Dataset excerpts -
******************************

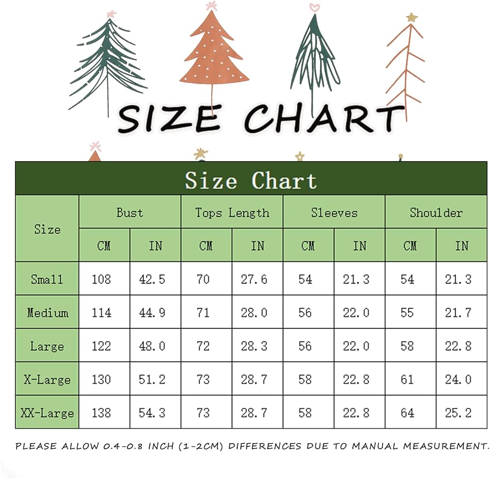 • 🎄المقاس-S-2XL، يرجى اختيار مقاسك بناءً على قياسات الصدر أدناه: (S)42.51 بوصة؛ (م) 44.88 بوصة؛ (ل) 48.03 بوصة؛ (XL) 51.18 بوصة؛ (XXL) 53.33 بوصة
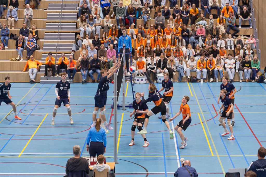 Bij de foto: Olhaco in actie tegen Nederlands kampioen Keistad. Van links naar rechts bij Olhaco (rechts van het net): Aron Zantingh, Stefan Koster, Noël van der Sleen, Bjorn Bakker, Joris Weulink en Jan Kemkes.
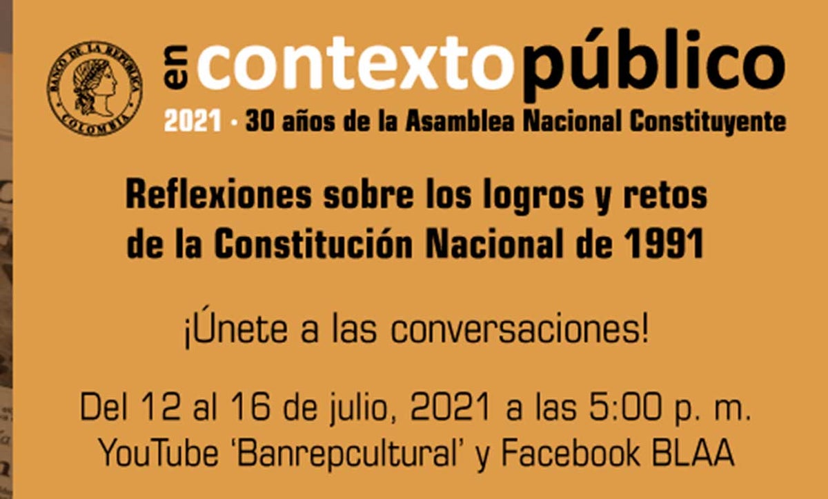 En Contexto Público es un programa de la Biblioteca Luis Ángel Arango que abre espacios de discusión sobre temas de interés público general para debatir y reflexionar desde la experiencia y la academia. En la versión 2021, este espacio se abre para reflexionar sobre estos treinta años de la Constitución Política de Colombia de 1991. El programa se desarrollará del 12 al 16 de julio por YouTube banrepcultural y Facebook Biblioteca Luis Ángel Arango, a las 5:30 p. m., la participación es gratuita.
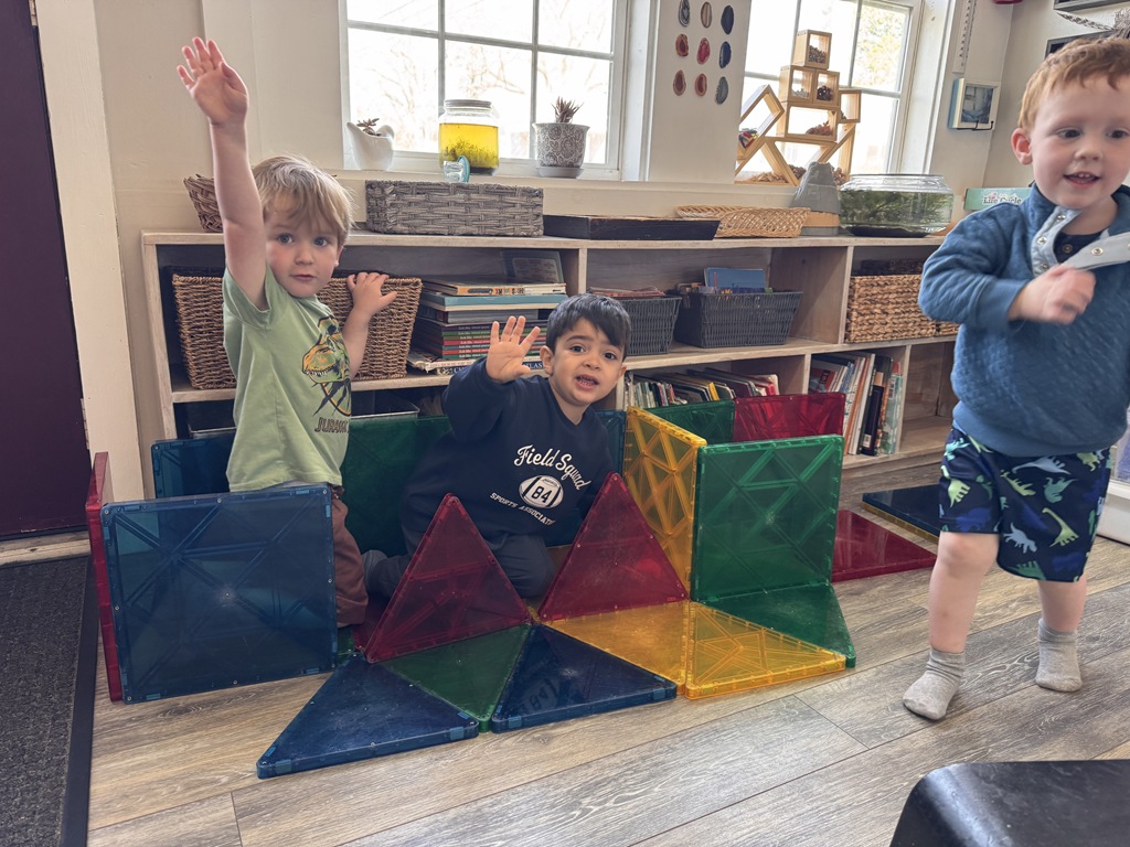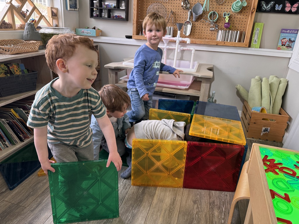 Child led building was the theme of the day. Several kids decided to utilize our Hollow Block collection this morning to experiment with some building ideas. We noticed the kids doing a great job of problem solving together. When they experienced some collapses, instead of getting frustrated, they discussed how to build it differently.
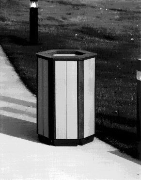 Trash container from The Plastic Lumber Company of Akron, Ohio
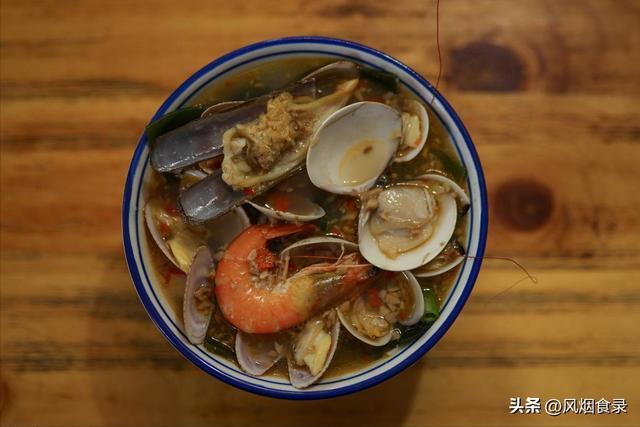 再来碗海鲜面,汤头是用海鱼熬的,鲜得让人把舌头都想吞下去。
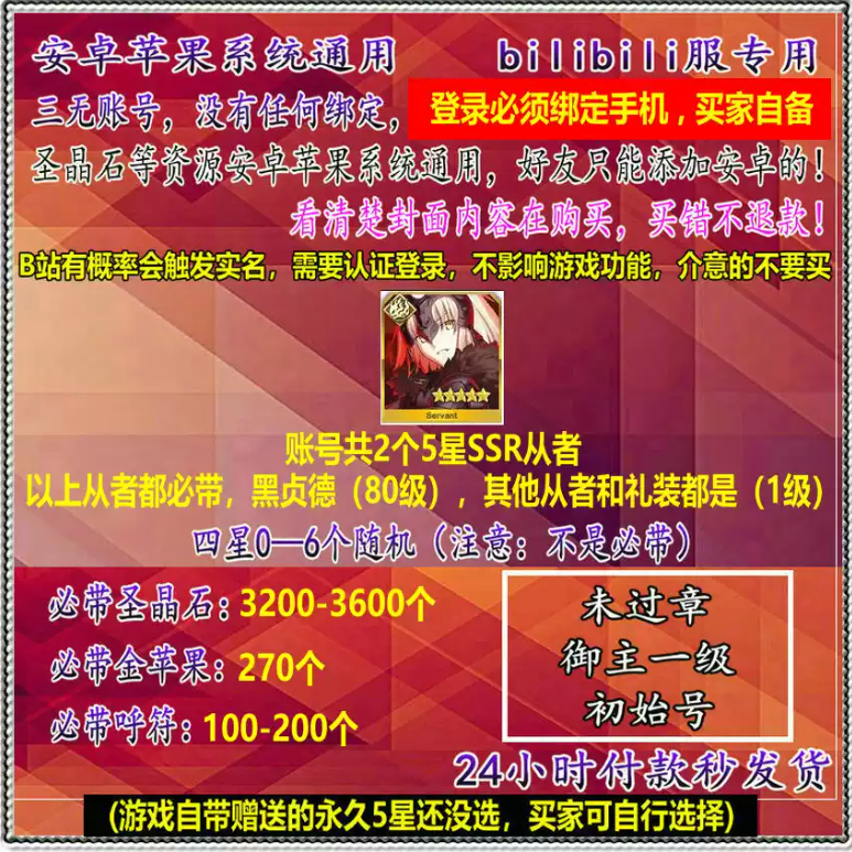 未过章★必带 黑贞德+从者或礼装 3000+石头★200+金苹果★序章一级★

******************************

Description of the task -
The lines above from the line with "Bij de foto: Olhaco" through the line with "En Contexto Público" are to be given again word for word, with no pictures among them.

Exercise answer -
 Bij de foto: Olhaco in actie tegen Nederlands kampioen Keistad. Van links naar rechts bij Olhaco (rechts van het net): Aron Zantingh, Stefan Koster, Noël van der Sleen, Bjorn Bakker, Joris Weulink en Jan Kemkes.
 En Contexto Público es un programa de la Biblioteca Luis Ángel Arango que abre espacios de discusión sobre temas de interés público general para debatir y reflexionar desde la experiencia y la academia. En la versión 2021, este espacio se abre para reflexionar sobre estos treinta años de la Constitución Política de Colombia de 1991. El programa se desarrollará del 12 al 16 de julio por YouTube banrepcultural y Facebook Biblioteca Luis Ángel Arango, a las 5:30 p. m., la participación es gratuita.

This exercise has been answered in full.